UPDATE #1. In response to T-Heron's comment, the result of nslookup zookeeper-server-01.eigenroute.com on the client machine is:

Server:     172.31.0.2
Address:    172.31.0.2#53

Non-authoritative answer:
Name:   zookeeper-server-01.eigenroute.com
Address: 35.169.37.216

The DNS entry for zookeeper-server-01.eigenroute.com is:

zookeeper-server-01.eigenroute.com  30 minutes  A       
35.169.37.216

On the client machine, /etc/hosts contains:

127.0.1.1 ip-172-31-95-211.ec2.internal ip-172-31-95-211
127.0.0.1 localhost
34.239.197.36 kerberos-server-02

# The following lines are desirable for IPv6 capable hosts
::1 ip6-localhost ip6-loopback
fe00::0 ip6-localnet
ff00::0 ip6-mcastprefix
ff02::1 ip6-allnodes
ff02::2 ip6-allrouters
ff02::3 ip6-allhosts

(kerberos-server-02 is misnamed, it is not a KDC, when I comment this line out the result is the same) and on the ZooKeeper server, zookeeper-server-01.eigenroute.com, /etc/hosts contains:

127.0.1.1 ip-172-31-88-14.ec2.internal ip-172-31-88-14
127.0.0.1 localhost
34.225.180.212 kerberos-server-01

# The following lines are desirable for IPv6 capable hosts
::1 ip6-localhost ip6-loopback
fe00::0 ip6-localnet
ff00::0 ip6-mcastprefix
ff02::1 ip6-allnodes
ff02::2 ip6-allrouters
ff02::3 ip6-allhosts

(the entry for kerberos-server-01 doesn't need to be there - when I remove it the result is the same).

Can someone explain how to solve the checksum failure?
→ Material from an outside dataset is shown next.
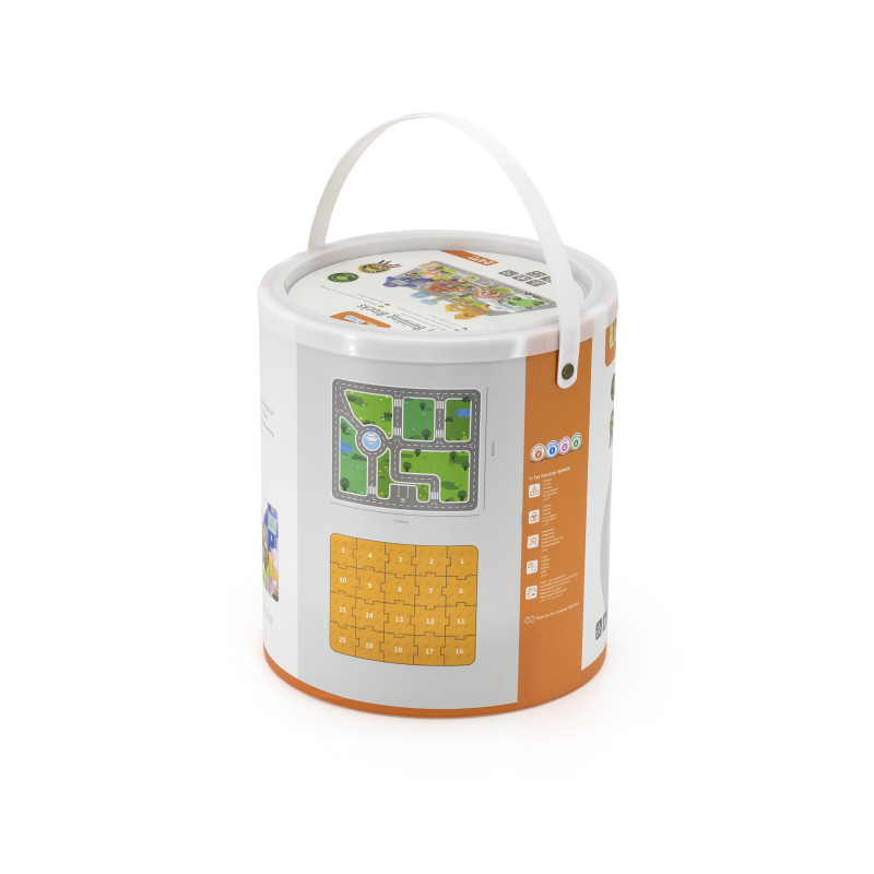 Acest set de blocuri din lemn ii va tine ocupati pe cei mici ore intregi construindu-si propriul oras!Convenabil impachetat intr-o galeata pentru depozitare usoara si cu un puzzle de podea de 20 de piese pentru a crea un fundal de oras, setul include 80 de blocuri in culori vibrante si diverse forme, oferind posibilitati nelimitate pentru distractia construirii!Stimuleaza imaginatia, creativitatea si abilitatile de a suprapune, construi si echilibra. Jucarie educativa din lemn, Montessori. Material: lemn  Dimensiuni: saculet: 22 x 22 x 2,5 cm; Varsta recomandata: 24 luni+  Ambalare: 1 colet, 1,5 kg AVERTISMENT! Contraindicat copiilor mai mici de 24 luni. Jucaria/produsul poate contine piese mici care se pot inghiti sau inhala existand pericolul de sufocare sau nu este potrivita copiilor mai mici de luni. Toate jucariile marca VIGA sunt fabricate din lemn de calitate cu vopsele si cerneluri non-toxice, supuse testelor de siguranta respectand standardele pentru jucarii ale Uniunii Europene EN71 si ASTM. Nu lasati ambalajul produsului la indemana copiilor. Indepartati orice ambalaj al produsului inainte de a da jucaria copilului. Va recomandam sa supravegheati copilul in timp ce se foloseste produsul. Pastrati instructiunile si etichetele pentru referinte viitoare. Feriti produsul de foc, temperaturi ridicate si umiditate.

Thanks!

回答1:

My KDC had the following principals:

zookeeper/35.169.37.216@EIGENROUTE.COM
zookeeper/zookeeper-server-01.eigenroute.com@EIGENROUTE.COM

In the JAAS configuration for the ZooKeeper server, whose host name is zookeeper-server-01.eigenroute.com, I used a keytab that I created for zookeeper/zookeeper-server-01.eigenroute.com@EIGENROUTE.COM.

When I instead created a keytab for zookeeper/35.169.37.216@EIGENROUTE.COM and used this keytab in the JAAS configuration for the ZooKeeper server, everything worked - SASL authentication from the client succeeded.

I would rather use the fully qualified domain name (zookeeper-server-01.eigenroute.com) in the name of the Kerberos principal, rather than the IP address. If anyone can tell me how to get that working, I'll accept that as the answer. Until then, this will suffice.

UPDATE: I figured it out. The Zookeeper client takes the FQDN from the -server argument, looks up the IP Address of this FQDN, and creates an InetSocketAddress object from this (org.apache.zookeeper.client.StaticHostProvider). Then to get the host name, it calls .getHostName (org.apache.zookeeper.ClientCnxn.SendThread.startConnect). On my local machine, this returns:

ec2-35-169-37-216.compute-1.amazonaws.com

and on my client AWS EC2 instance, this returns:

35.169.37.216

when instead I expected it to return the FQDN. This is why on my AWS EC2 client machine, the ZooKeeper client tries to get a ticket for:

zookeeper/35.169.37.216@EIGENROUTE.COM

and on my local machine, the ZooKeeper client tries to get a ticket for:

zookeeper/ec2-35-169-37-216.compute-1.amazonaws.com@EIGENROUTE.COM

So I need AWS to make sure that a reverse DNS lookup on 35.169.37.216 yields zookeeper-server-01.eigenroute.com. The solution I found so far is to ask AWS to set up the mapping for the reverse DNS.

Ideally, ZooKeeper would have an option to skip this reverse DNS lookup and just use the FQDN as the host name (maybe it does and I haven't found it).